I was going to a conference… (Yet more reasons for an academic boycott of Israel).
At the time of this writing, the 7th International Conference of Critical Geography is taking place in Palestine. Together with a few hundred participants from around the world, I was registered for the conference and would give a presentation on planning theory. However, to my big surprise I was not allowed to participate by the Israeli authorities, as I was detained at the Ben Gurion Airport and sent back to Sweden.
Holding a geography conference in Palestine is very interesting for a variety of reasons – from its location in the politically unstable Middle East, to its extraordinary geographical history as a meeting place for cultures, peoples and religions. Some keywords in the discipline of human geography are “borders”, “territory” and “colonialism”; also in this respect, Palestine is a highly pertinent choice of host for a geography conference. Here, these keywords denote not merely fascinating research subjects, but are real and substantial problems for many people, since Palestine still is under occupation by Israel.
On the 24th of July I myself experienced a small piece of this injustice as I was denied entry to Israel. After interrogations and waiting for 6 hours I was informed of being a “security risk”. I find this hard to understand as my only “crime” is having been present at a demonstration in the West Bank in the fall of 2013, and being the partner of an Iranian-‐born medical doctor from Sweden who was denied access when she going for internship at a hospital in Nablus in 2014. Being sent back to Sweden after a day at the airport and a night in custody is of course nothing compared to what the thousands of Palestinians presently in Israeli prisons – many without charges – endure, not to speak of, for instance, the 500 killed children during last year Gaza war. But my case is yet another example of how Israel impedes academic freedom in Palestine. The 7th International Conference of Critical Geography – unlike the previous once being hosted in places like Frankfurt, Mumbai or Mexico City – is directly thwarted by an occupational power on different levels: from generally making the working conditions unbearable for Palestinian academics and people doing research in/on Palestine, to forcing the organisers of this conference to be cautious on information and openness and also directly preventing people from attending the conference (many Arab and Muslim/Middle Eastern colleagues, from countries such as Iran, Malaysia, Pakistan, Lebanon and Iraq could only dream of entering the conference).
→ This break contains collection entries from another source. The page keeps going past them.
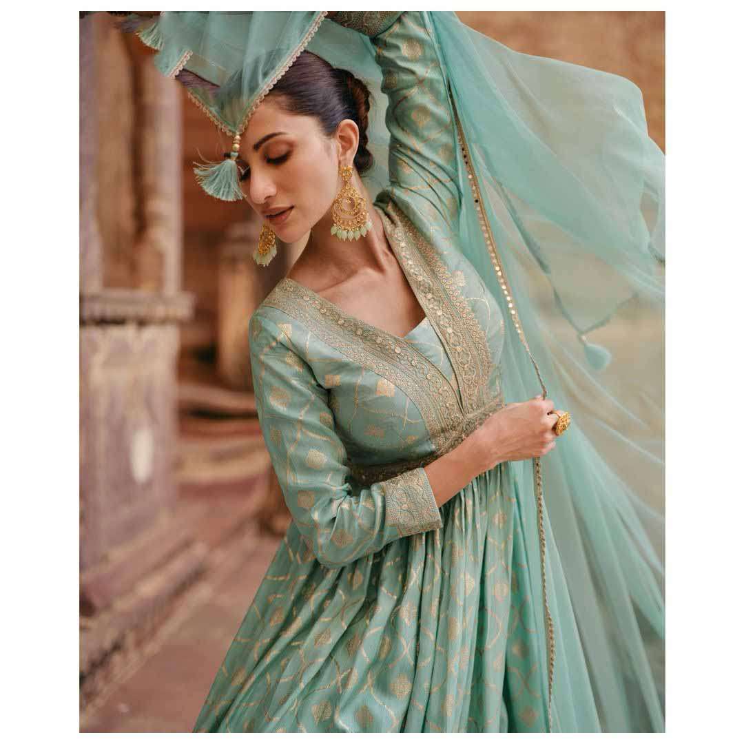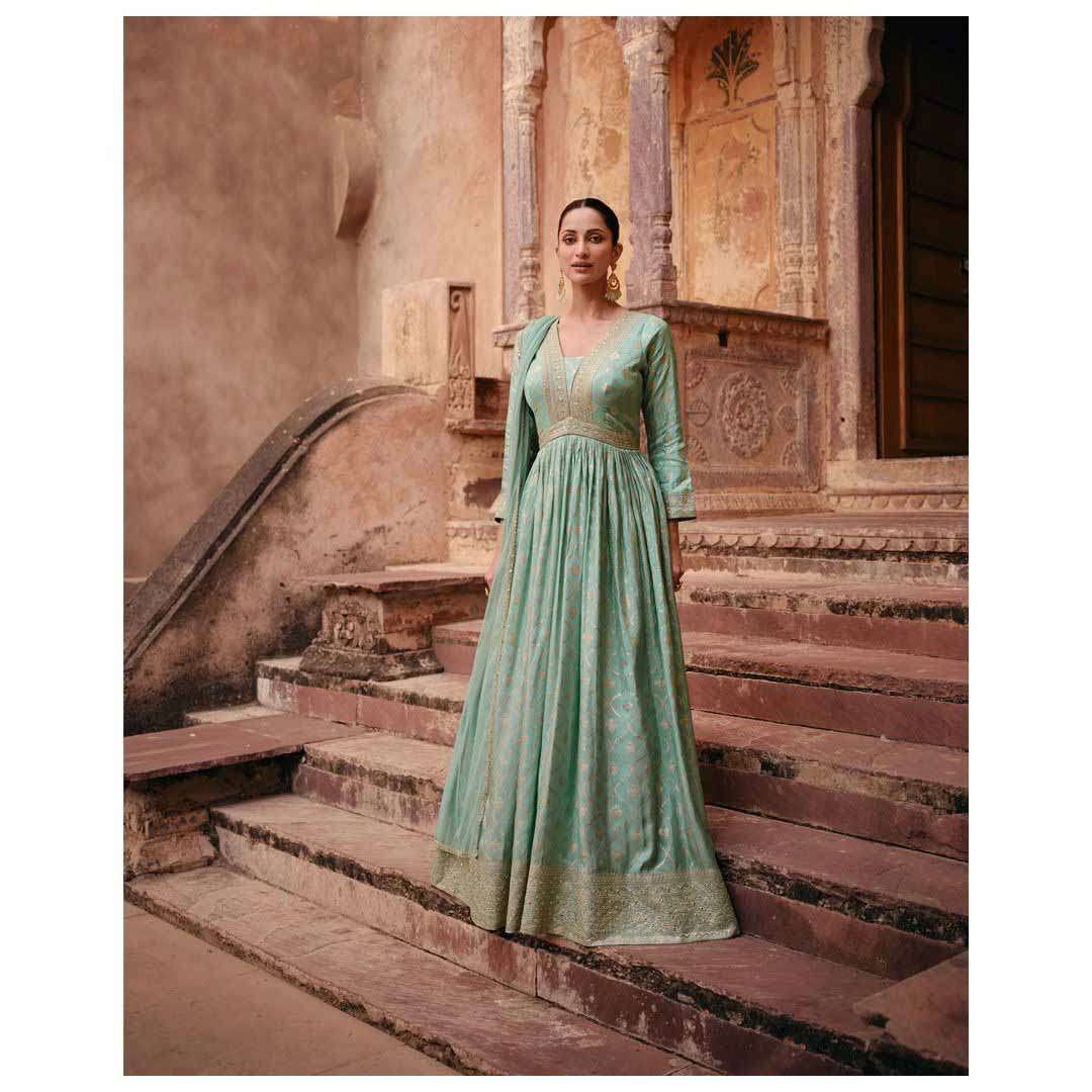 Product Name - jacquard beads sayuri designer viscose jacquard silk with beads & embroidery work on top with palazzo and dupatta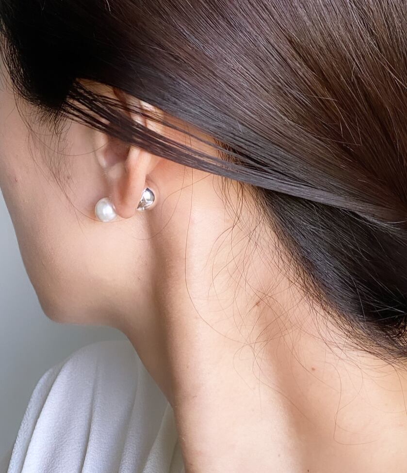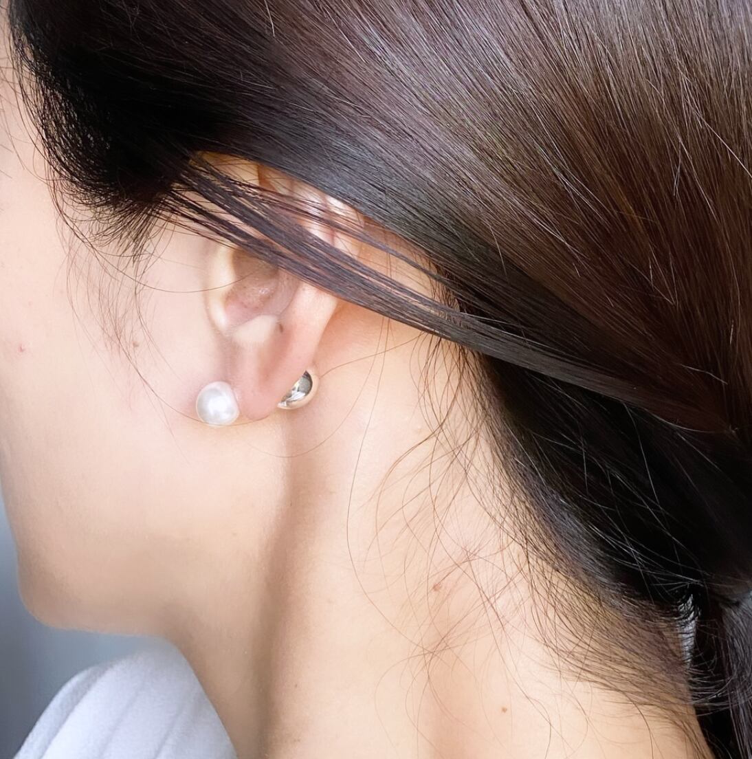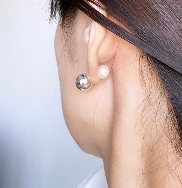 パールピアスをピアスホールの後ろから挿れて頂いてシルバーボールのキャッチが前面に来るようにお召しいただくことで、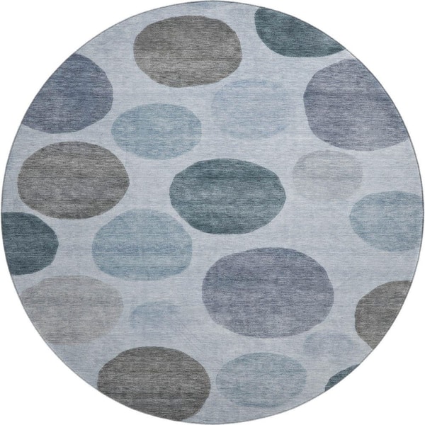 Mayfield Premium Machine Washable Abstract AMF2062 Blue 8 ft. x 8 ft. Round Rug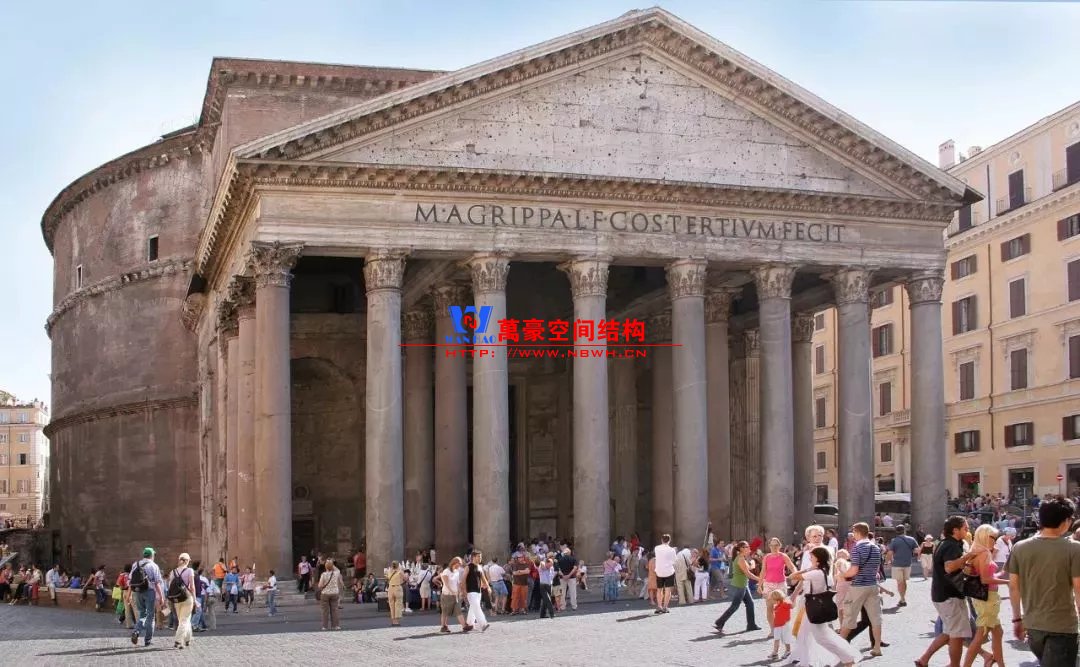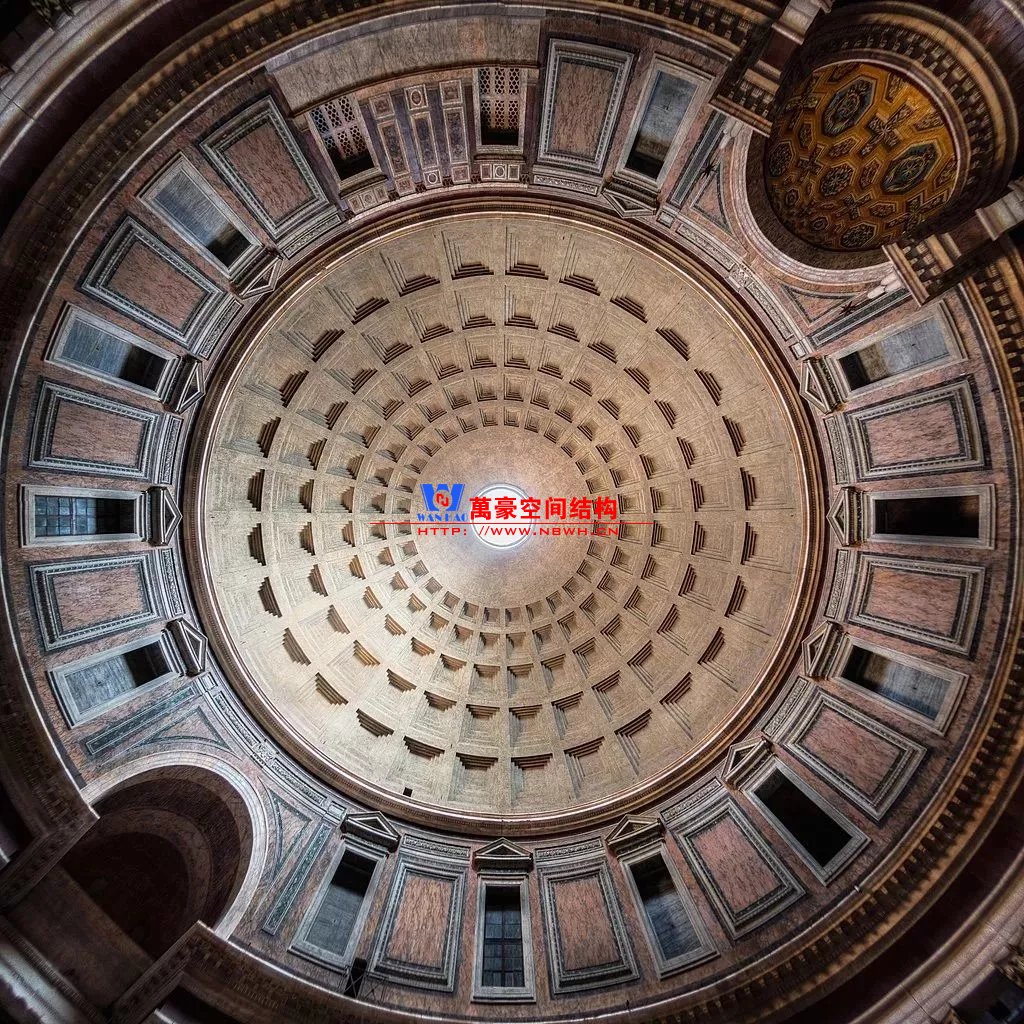 萬(wàn)神殿穹頂直徑43.3米,最高點(diǎn)也是43.3米,中部采光洞口直徑8.9米。穹頂采用古老的混凝土,其材料特性與石塊類似,抗壓王者抗拉弱雞。而穹頂結(jié)構(gòu)以受壓為主,建筑材料與結(jié)構(gòu)體系可謂天作之合。

Not to mention the situation in Gaza, where students need to smuggle in their own books! At the conference I was, as mentioned, going to give a presentation on urban planning and planning theory. And in this respect, it is interesting to see how the Israeli universities and academic society are interwoven with the regime´s actual occupation of Palestine. That universities and research are closely related to government policies we know from all over the world, but in few places do such connections have such dire consequences. In terms of spatial planning and architecture, the universities and the Israeli government are closely related in a number of issues: for example the planning of settlements and the wall,
infrastructure and water management, the allocation of building permits in Jerusalem, as well as physical displacement of people as a colonial strategy. Since the state of Israel continues to ignore international rights and UN resolutions; since it continues relentlessly to attack academic freedom in Palestine in all kinds of ways; since the Israeli universities are so interwoven with the actual occupation, there are no other alternatives than an international academic boycott of Israeli institutions – including academic ones. Just kilometres and miles from where Palestinians are deprived their right to education, the Israeli universities produce the knowledge on how to strengthen the occupation. For the sake of humanity, please join the The Palestinian Campaign for the Academic and Cultural Boycott of Israel at http://pacbi.org/.
Ståle Holgersen, Malmö, Sweden, 28th July 2015.
(Ståle Holgersen is a researcher (post-‐doc) at Institute for Housing Research (IBF), at Uppsala University, Sweden.)